[paper]Logits of API-Protected LLMs Leak Proprietary Information
Potential Information Leakage in API-Protected LLMs
In the digital age, the application of Large Language Models (LLMs) has become increasingly widespread, revolutionizing various fields from text generation to automated customer service with their potent capabilities. However, as these models are commercialized, ensuring their security and privacy becomes paramount. The recent paper "Logits of API-Protected LLMs Leak Proprietary Information" by Matthew Finlayson, Xiang Ren, Swabha Swayamdipta, and Thomas Lord highlights a significant security issue: even LLMs accessed through restricted APIs may leak proprietary information.
1. Introduction and Background
The commercialization of LLMs has led to a common practice of limiting access to proprietary models through restricted APIs. This approach might provide LLM providers with a false sense of security, believing information about their model architectures to be private and certain types of attacks on LLMs to be unfeasible. However, this paper demonstrates how a substantial amount of non-public information about an API-protected LLM can be learned through a limited number of API queries (e.g., OpenAI's gpt-3.5-turbo model, costing under $1000).
2. Technical Details: The Softmax Bottleneck
The paper's core findings are based on a crucial observation: most modern LLMs are constrained by the softmax bottleneck, which restricts model outputs to a linear subspace of the complete output space. The authors exploit this fact to unlock multiple capabilities, including efficiently discovering the hidden size of LLMs, obtaining cheap full vocabulary outputs, detecting and removing different model updates, identifying the source LLM from a given single complete LLM output, and even estimating output layer parameters.
3. Empirical Study
The authors demonstrate the effectiveness of their method through empirical studies, estimating the embedding size of OpenAI's gpt-3.5-turbo to be around 4096. Additionally, they show high accuracy in using LLM images as unique signatures to identify model outputs, which is very useful for accountability of API LLMs. These signatures are also sensitive to minor variations in LLM parameters, making them suitable for inferring detailed information about model parameter updates.

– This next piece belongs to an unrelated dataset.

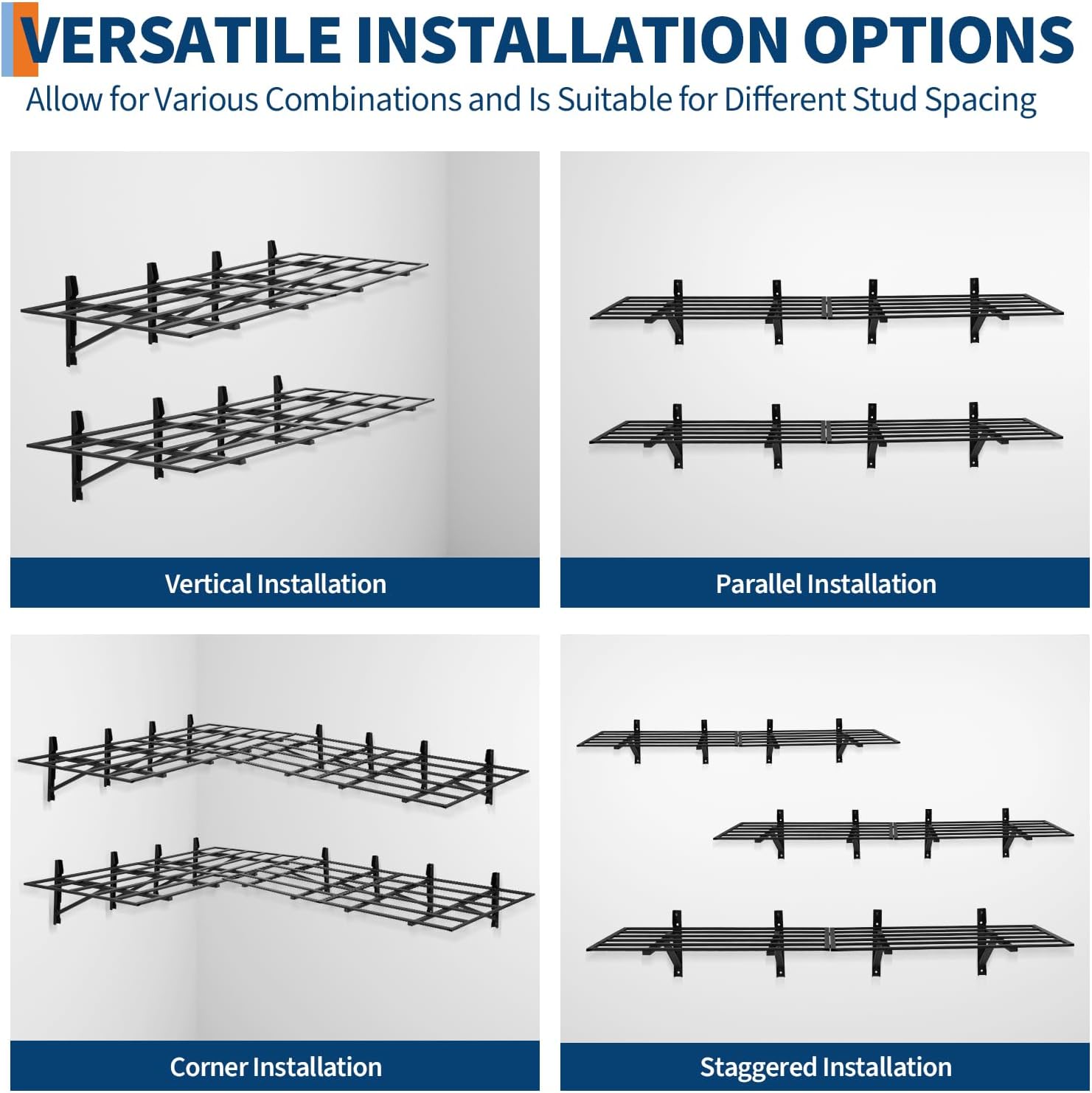 - Versatile Design: With its low-profile bracket design and the ability to be mounted side-by-side or stacked, this 2-pack shelving unit offers versatile storage solutions for garages, small pantries, or kitchens.

4. Applications and Impact
The paper explores multiple applications of leveraging LLM images, including:
- Rapid acquisition of complete LLM outputs.
- Discovering the embedding size of LLMs and guessing their parameter counts.
- Identifying which LLM produced a given output.
- Detecting and pinpointing the timing and nature of LLM updates.
- Finding tokenization errors (non-argmax tokens).
- Approximating the reconstruction of LLM's softmax matrix.
- Cheaply and accurately reconstructing "hidden prompts".
- Implementing evidence-based decoding algorithms.
5. Mitigation Measures
The paper also discusses several mitigation measures that can be taken by LLM providers, as well as how to view these capabilities as features rather than flaws by allowing greater transparency and accountability.
6. Conclusion
The authors argue that their proposed methods and findings do not require a change in the best practices of LLM APIs but rather expand the tools available to API clients, while cautioning LLM providers about the information their APIs expose. Although these findings may lower the cost of model stealing methods that rely on complete outputs, the authors believe the benefits of these methods for API clients outweigh any known harms to LLM providers.
7. Concurrent Discoveries
Interestingly, a method very similar to the one proposed in the paper was also put forward by Carlini et al. in 2024, highlighting the urgency and relevance of the research.
8. Summary
This paper provides a deep insight into the potential information leakage in API-protected LLMs and proposes a range of possible solutions and applications. As the application of LLMs continues to grow across various fields, ensuring their security and transparency becomes increasingly important. This research is not only significant for developers and providers of LLMs but also represents an important contribution to the entire artificial intelligence community and industries reliant on these models.